Mean, variance, covariance, correlation Suppose you have a series of measurements \((\eta_1, \eta_2,\cdots, \eta_n)\), then you can describe the data as a column vector \(\vec{\eta}=(\eta_1, \eta_2,\cdots, \eta_n)^{\top}\). The average \(\mu\) is defined as \[\mu=\frac{1}{n}\sum_{i=1}^n \eta_i\] This can also be written as the dot product of \(\vec{\eta}\) with the vector \(\frac{1}{n}\,\vec{1}_n\), where \(\vec{1}_n\) is a vector with all \(n\) components equal to \(1\). So \[\mu=\vec{\eta}\boldsymbol{\cdot} (\frac{1}{n}\,\vec{1}_n)=\frac{1}{n}\,\vec{\eta}\boldsymbol{\cdot} \vec{1}_n\]

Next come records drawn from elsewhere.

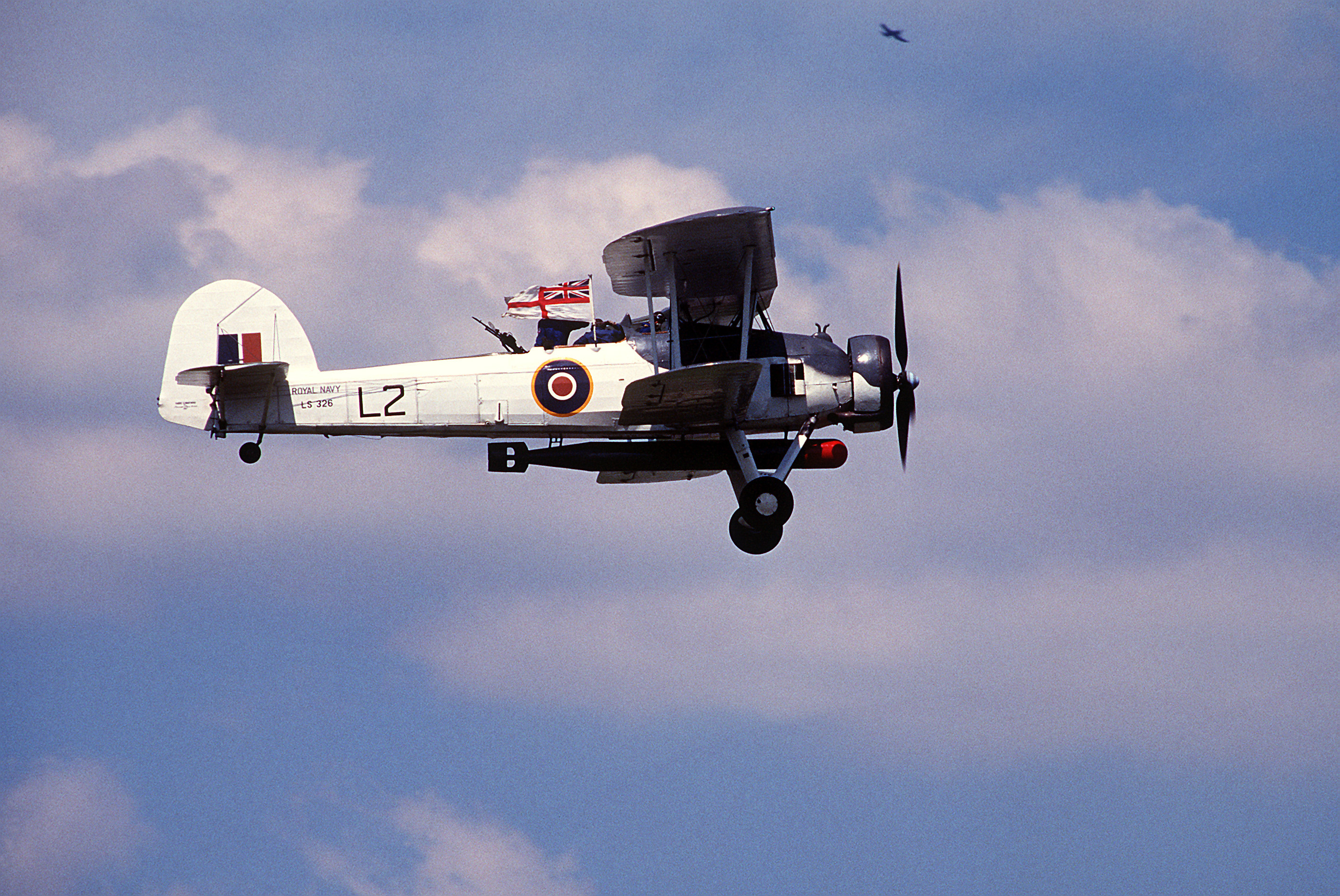 A Royal Navy Fairey Swordfish Mk. II (serial number LS326) in flight during Air Fete'88, a NATO aircraft display hosted by the U.S. Air Force's 513th Airborne Command and Control Wing, at RAF Mildenhall, Suffolk (UK). This aircraft is today operated by the Royal Navy Historic Flight. RN description: This aircraft was built in 1943 at Sherburn-in-Elmet. Later that year she was part of 'L' Flight of 836 Squadron on board the MAC ship Rapana, on North Atlantic Convoy duties. Following her active service she was used for training and communications duties from the Royal Naval Air Station Culham near Oxford and Worthy Down near Winchester. In 1947 Fairey Aviation bought LS326 and displayed her at various RAeS Garden party displays. The following year she was sent to White Waltham for storage and remained there getting more and more dilapidated until Sir Richard Fairey gave orders for the aircraft to be rebuilt. The restoration work completed in October 1955 and thereafter she was kept in flying condition at White Waltham registered as G-AJVH and painted Fairey Blue and silver. In 1959 LS326 was repainted for a starring role in the film 'Sink the Bismarck!'. In October 1960 she was presented to the Royal Navy by the Westland Aircraft Company and has been flown ever since. For many years she retained her "Bismarck" colour scheme and in 1984 D-Day invasion stripes were also added for the 40th Anniversary celebrations when she overflew the beaches of Normandy. Since 1987 she has worn her original wartime colour scheme for North Atlantic convoys with 'L' Flight of 836 Squadron. Following extensive work by BAeS Brough to her wings, it is hoped to have LS326 back in flying condition again in 2008.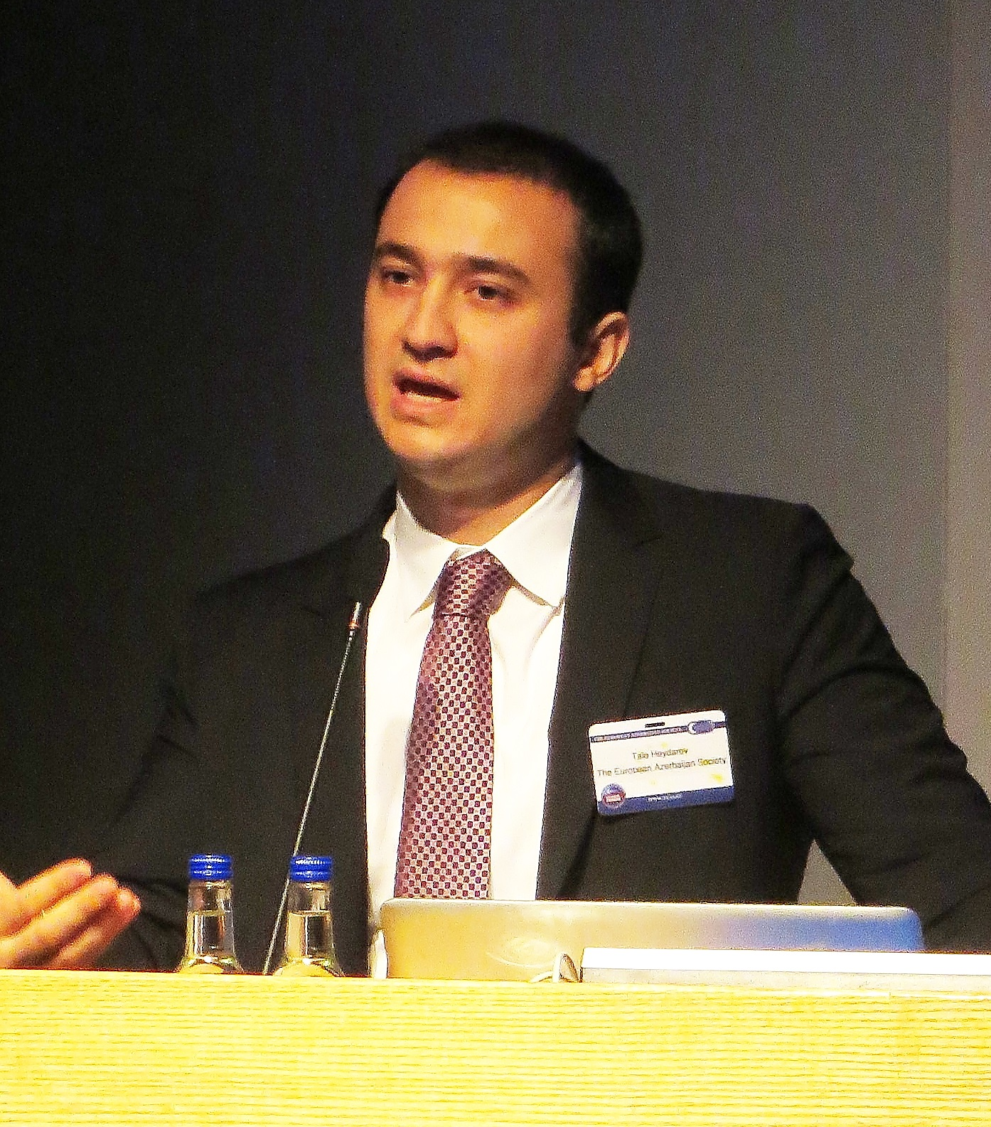 Photo of Tale Heydarov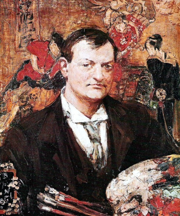 E.A. Hornel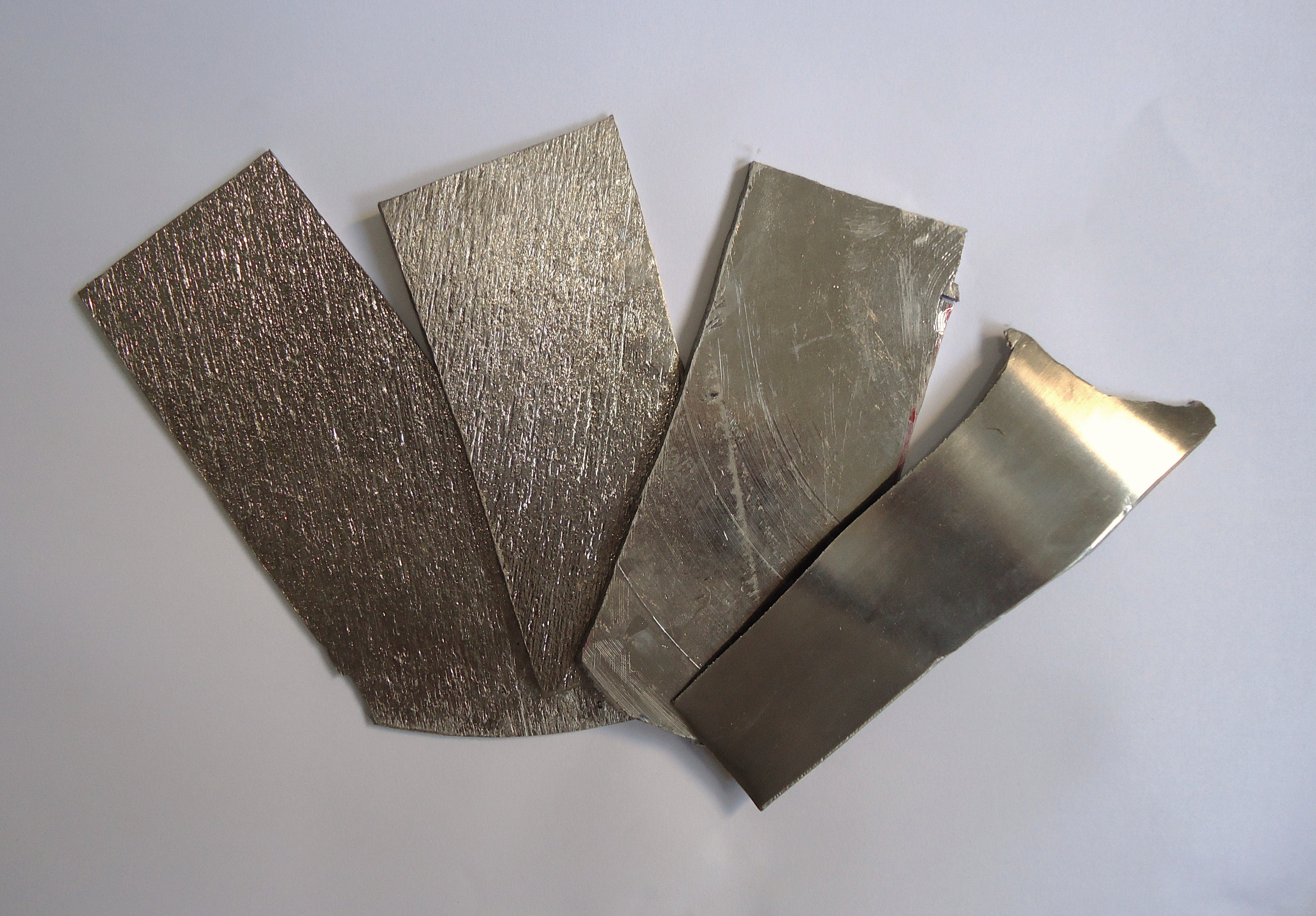 Niobium strips. Photo: Mauro Cateb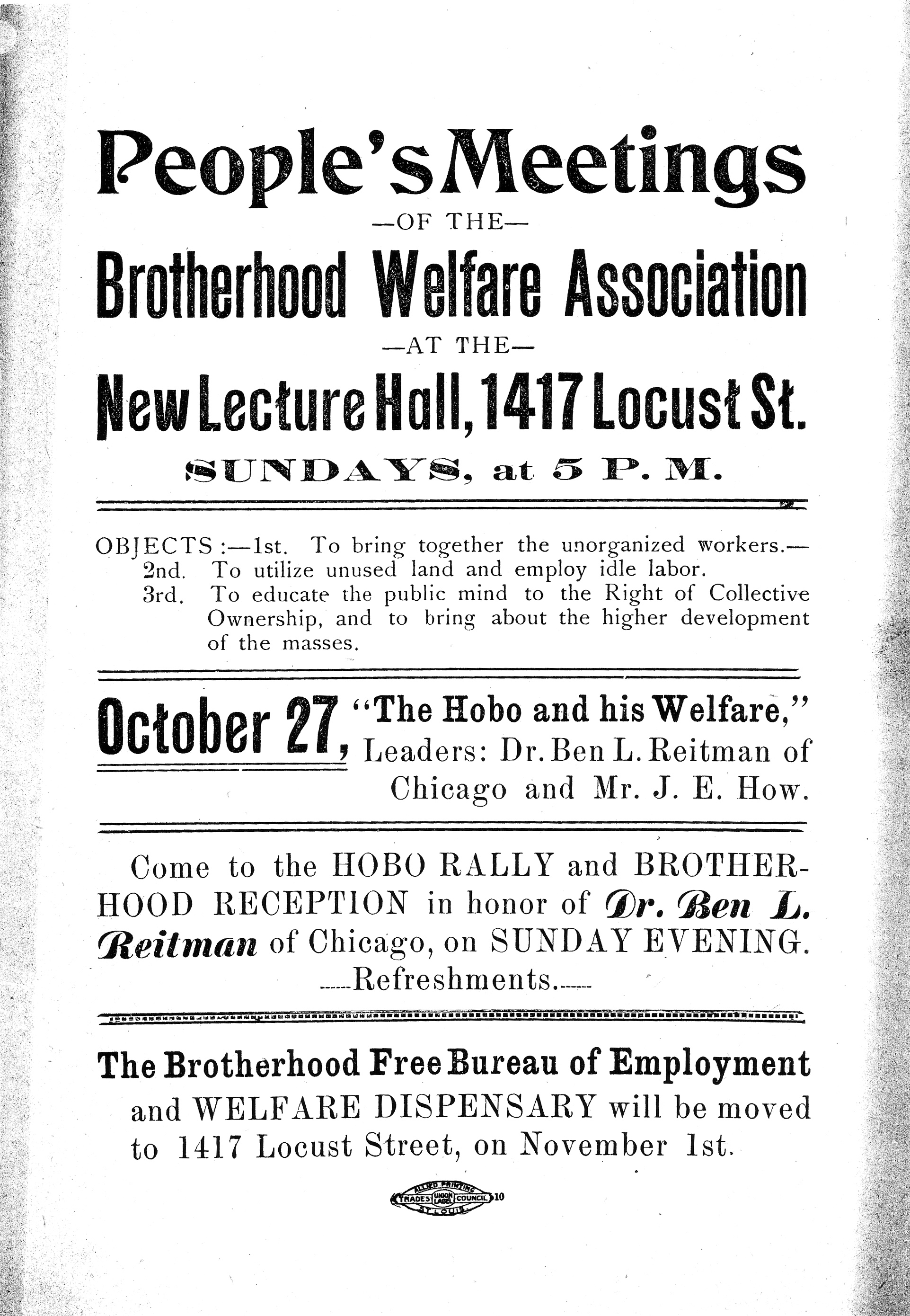 A poster by the International Brotherhood Welfare Association advertising a meeting with Ben Reitman and James Eads How. October 27 was a Sunday in 1912, 1918 and 1929, but '29 is unlikely as How was loving in Los Angeles then.

The variance \(s^2\) can be written as \[s^2=\frac{1}{n-1}\,\left(\vec{\eta}-\mu\vec{1}_n\right)\boldsymbol{\cdot} \left(\vec{\eta}-\mu\vec{1}_n\right)=\frac{1}{n-1}\,\lVert\vec{\eta}-\mu\vec{1}_n\rVert^2\] In a slightly looser notation we also write \[s^2=\frac{1}{n-1}\,\left(\vec{\eta}-\mu\right)\boldsymbol{\cdot} \left(\vec{\eta}-\mu\right)=\frac{1}{n-1}\,\lVert\vec{\eta}-\mu\rVert^2\] and the number \(\mu\) in the given formula must be considered as a vector with each component equal to that number.
The covariance \(\text{Cov}(\vec{x},\vec{y})\) between two data sets \(\vec{x}\) and \(\vec{y}\) of equal length \(n\) and with averages equal to zero is equal to \[\text{Cov}(\vec{x},\vec{y})=\frac{1}{n-1}\vec{x}\boldsymbol{\cdot}\vec{y}\]
The correlation \(\text{Cor}(\vec{x},\vec{y})\) between two data sets \(\vec{x}\) and \(\vec{y}\) of equal length \(n\) and with averages equal to zero is equal to \[\text{Cor}(\vec{x},\vec{y})=\frac{\vec{x}\boldsymbol{\cdot}\vec{y}}{\lVert\vec{x}\rVert\cdot\lVert\vec{y}\rVert}\] The Cauchy-Schwarz inequality means that the correlation only has values between \(-1\) and \(1\).
Square-integrable real functions Consider the set of real functions that are square-integrable in a certain area, say \([-1,1]\), i.e., real functions for which \(\int_{-1}^1f(x)^2\,dx\) exists and is finite. For this set of functions we can define the dot product \[f\boldsymbol{\cdot}g = \int_{-1}^1 f(x)\cdot g(x)\,dx\]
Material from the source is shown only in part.